How To Fix iMessage On iOS 10 And Avoid Crashing Your iPhone [Video]

How To Fix iMessage On iOS 10 And Avoid Crashing Your iPhone [Video] - A text message with imessage on iOS 10 can crash or freeze your iPhone. Fortunately, the fix is easy to implement this time around. Let's see how to fix this problem but after the following jump.


The text, which is simply a combination of four characters – a white flag emoji followed by a character called VS16, a zero, and a rainbow emoji – can freeze any recipient iPhone, iPad or iPod touch running iOS 10,10.2.1 for two, even three minutes at a time, after which the device will respring automatically.


As to why this combination of characters causes devices to freeze, the source speculates that it is the result of the device attempting to combine two characters that it cannot. The VS16 character tells the device to combine adjacent characters. In this case, the device attempts to combine the flag emoji and zero into one character while actually trying to yield the the rainbow flag character, which is a combination of the white flag and rainbow emojis.

Fortunately, it takes a bit of work to send the text from one iOS device to another, with one of the two methods involved requiring a computer and the recipient device to be on iOS 10 – 10.1.1. The second method, authored by YouTuber EverythingApplePro, works across all current versions of iOS 10, including 10.2.1 betas, and doesn’t require a computer, though it does take a tad longer.

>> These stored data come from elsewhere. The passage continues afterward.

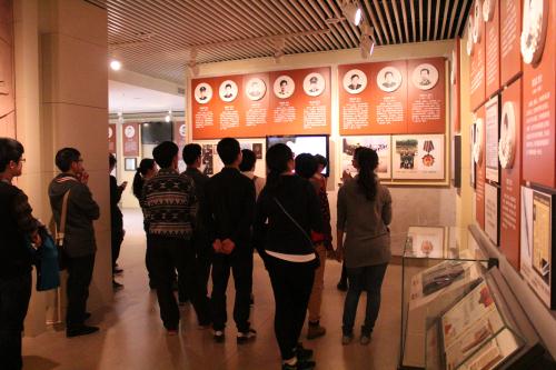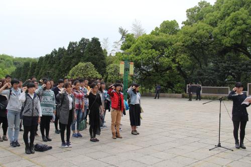 在革命烈士纪念碑前,学生党员代表向革命烈士敬献花篮。在主持人的带领下,全体学生党员在革命烈士纪念碑前面向党旗庄严宣誓。党总支副书记王杨向新老学生党员提出了组织的希望和要求。第一,要坚定理想信念,矢志不渝;第二,要知荣辱,树立社会主义核心价值观;第三,要发挥模范作用,营造良好班风、学风、校风。并强调了学生党员的责任意识,在工作、学习和社会活动中应起模范带头作用,应按时向组织汇报思想和工作情况,努力做一名合格的共产党员。新党员代表戴唯在仪式上发言,再次表达了对党的忠诚,并从学习、思想、生活等各方面提出了批评与自我批评的重要性。宣誓仪式结束后,大家在讲解员的带领下参观了革命烈士纪念馆。
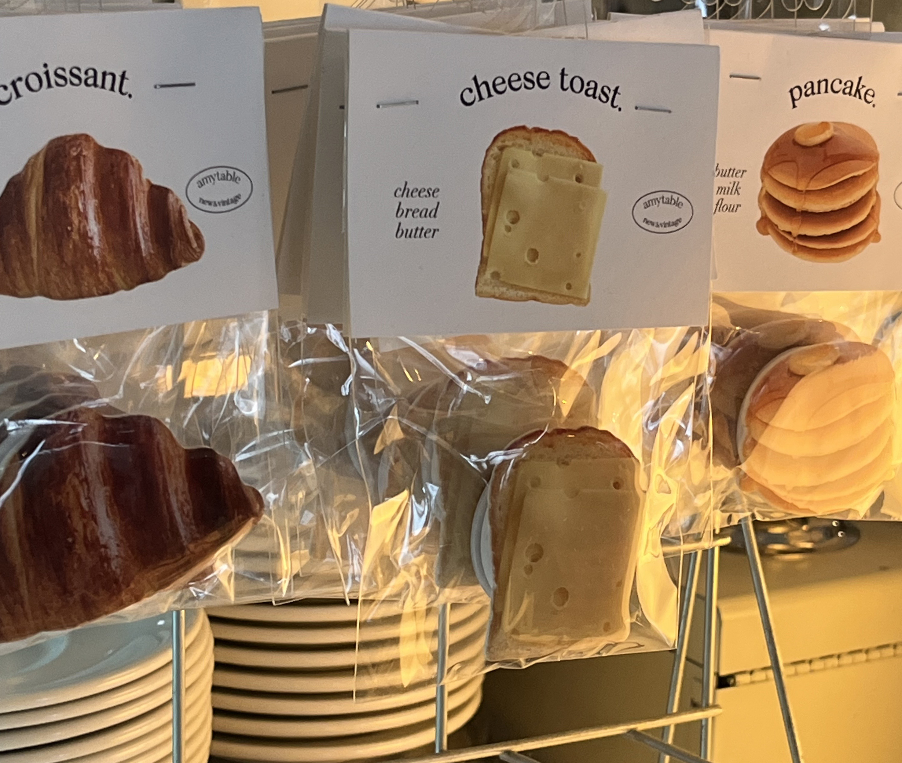 식료품들을 구매할 수 있는 드로게리아와는 달리 에이미테이블에는 나의 주방에 올려놓고 싶은 식기와 커트러리들이 한가득이었습니다. 담음새가 보기에 좋으면 음식도 더 맛있어 보인다고 해야 할까요? 누군가를 초대해 음식을 대접할 때, 나 혼자 음식을 차려 먹더라도 예쁘고 맛있게 차려 먹고 싶을 때 준비해두면 좋을 만한 예쁜 그릇들이 다양하게 준비되어 있었습니다. 주문한 음식을 기다리며 키링들과 빵 모양 그립톡 같은 귀여운 소품들을 보는 재미도 쏠쏠합니다.
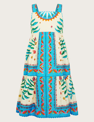 This pretty broderie dress from Monsoon will make a delightfully summery addition to their wardrobe. The sleeveless style is made in a regular fit, with frill-trimmed shoulder straps at the square neckline. Ruffles add gorgeous fluttery detail to the bodice and the tiered skirt. This piece is lined for a comfy wear.
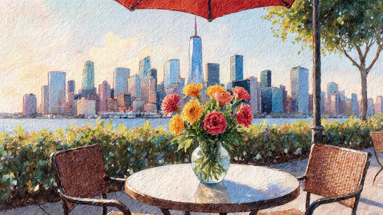Prompt: hand colored extremely scribble art of a city skyline viewed from the perspective of a vase of flowers on a table in an outdoor sidewalk café, high resolution, natural realistic lighting, natural realistic colors, paint hyper textured
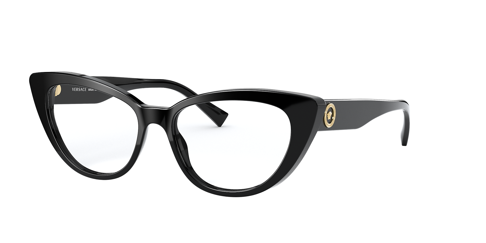 Experience the interplay between optical precision and style with Versace VE3286 eyeglasses. The cat eye shape adds a touch of vintage glamour, while the polished black acetate frame provides a modern twist. These glasses are not just a fashion statement, but also an excellent choice for everyday wear. Embrace the elegance and sophistication that only Versace can offer. Available with prescription lenses.
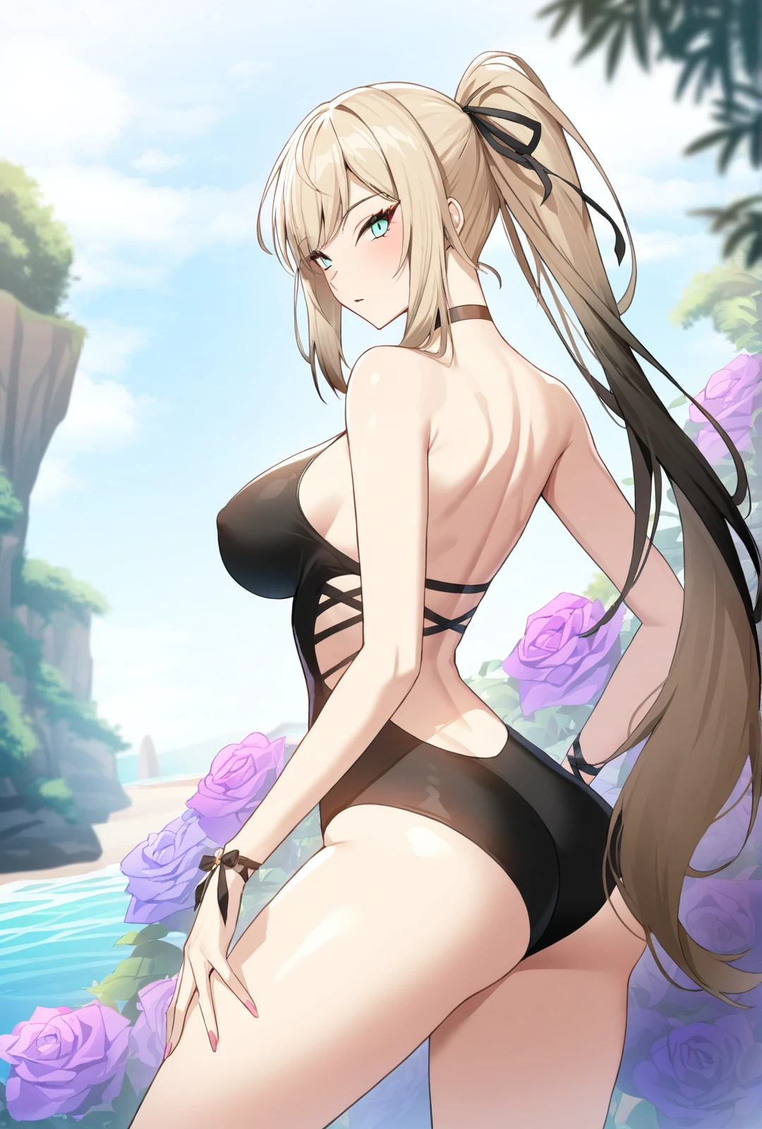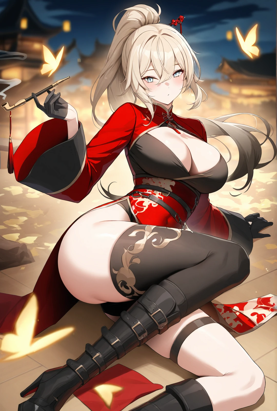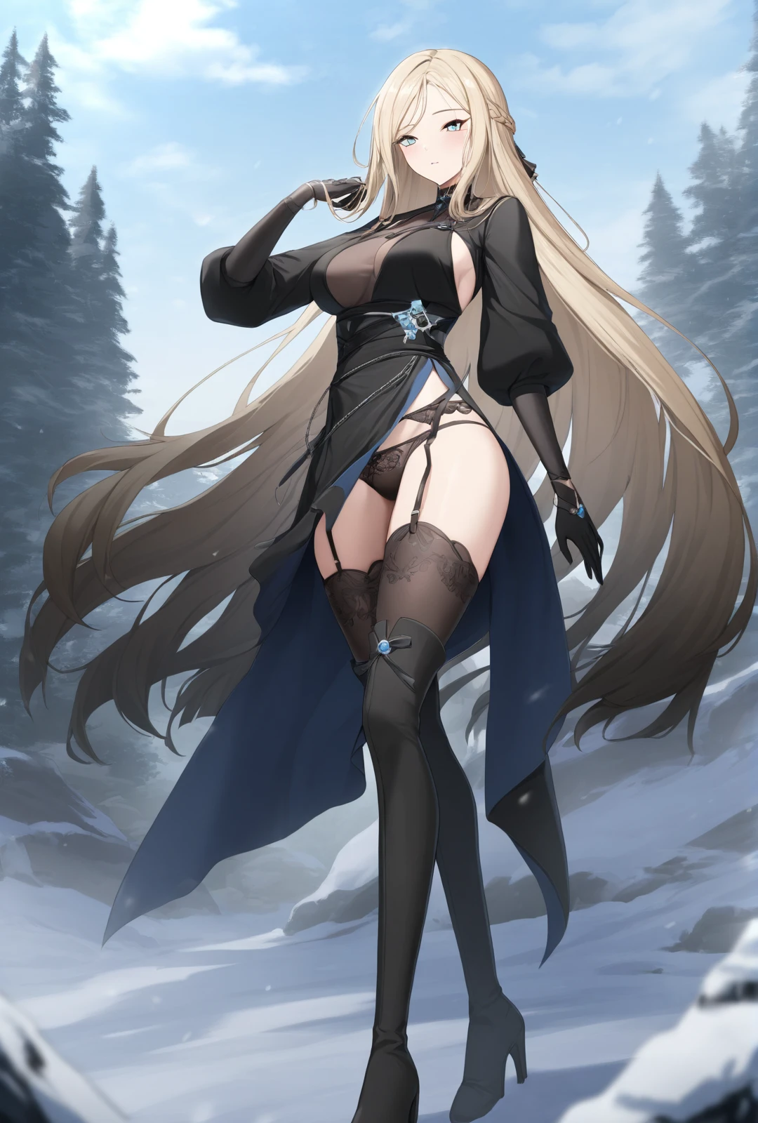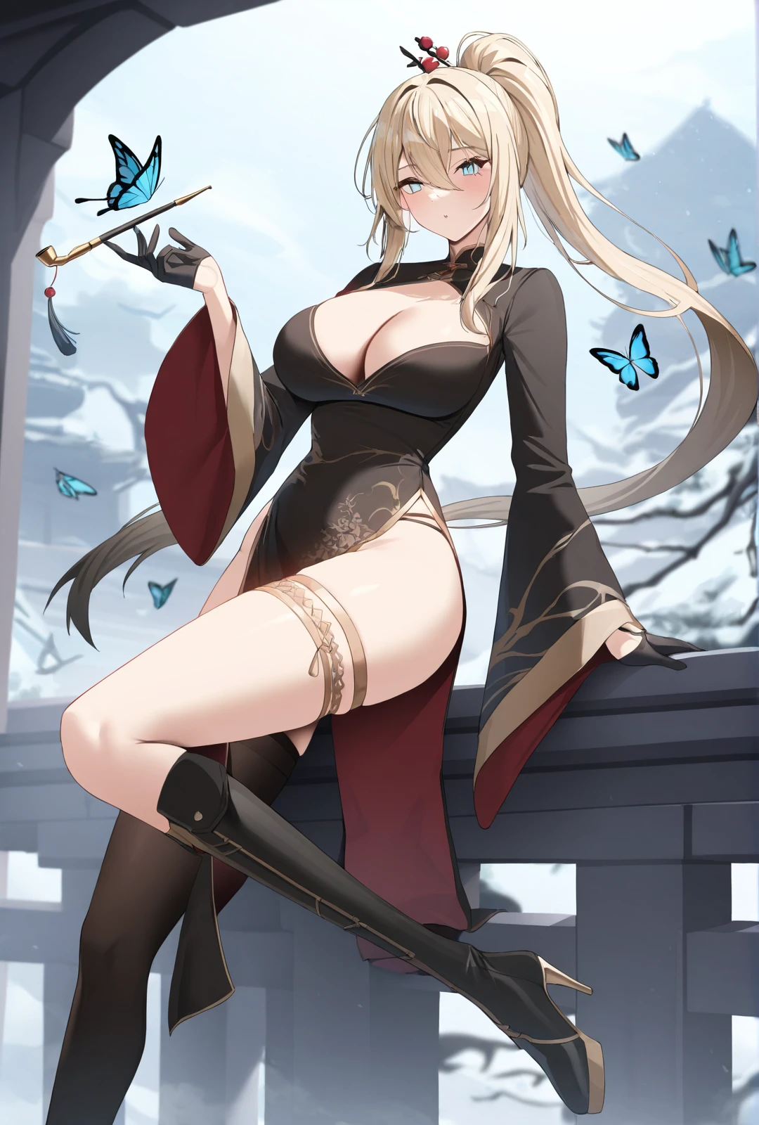 Harpy, 1girl, solo, long hair, blue eyes, shirt, large breasts, blonde hair, gloves, thighhighs, cleavage, thighs, boots, shorts, black gloves, collared shirt, high heels, short shorts, chain, thigh boots, corset, sleeves rolled up, asymmetrical legwear, partially fingerless gloves,

There is no protection against the text short of blocking any contacts that have a history of sending it to you, and the only quick fix upon receiving the text is, as mentioned earlier, forcing a reboot. The Messages app may, in certain cases, fail to load even after the affected device has been resprung or restarted. The fix for this too is a simple one, thankfully. The following simple steps will get your Messages app back up and running if it happens to continue crashing or loading to a blank, white screen after reboot/respring.

Step 1: On your device, launch Safari and head on over to vincedes3.com/save.html.

Step 2: Select Open from the dialogue box that appears to jump into the Messages app.

Step 3: Exit out of the new thread it creates within the app and delete any threads with the text that caused your device to crash.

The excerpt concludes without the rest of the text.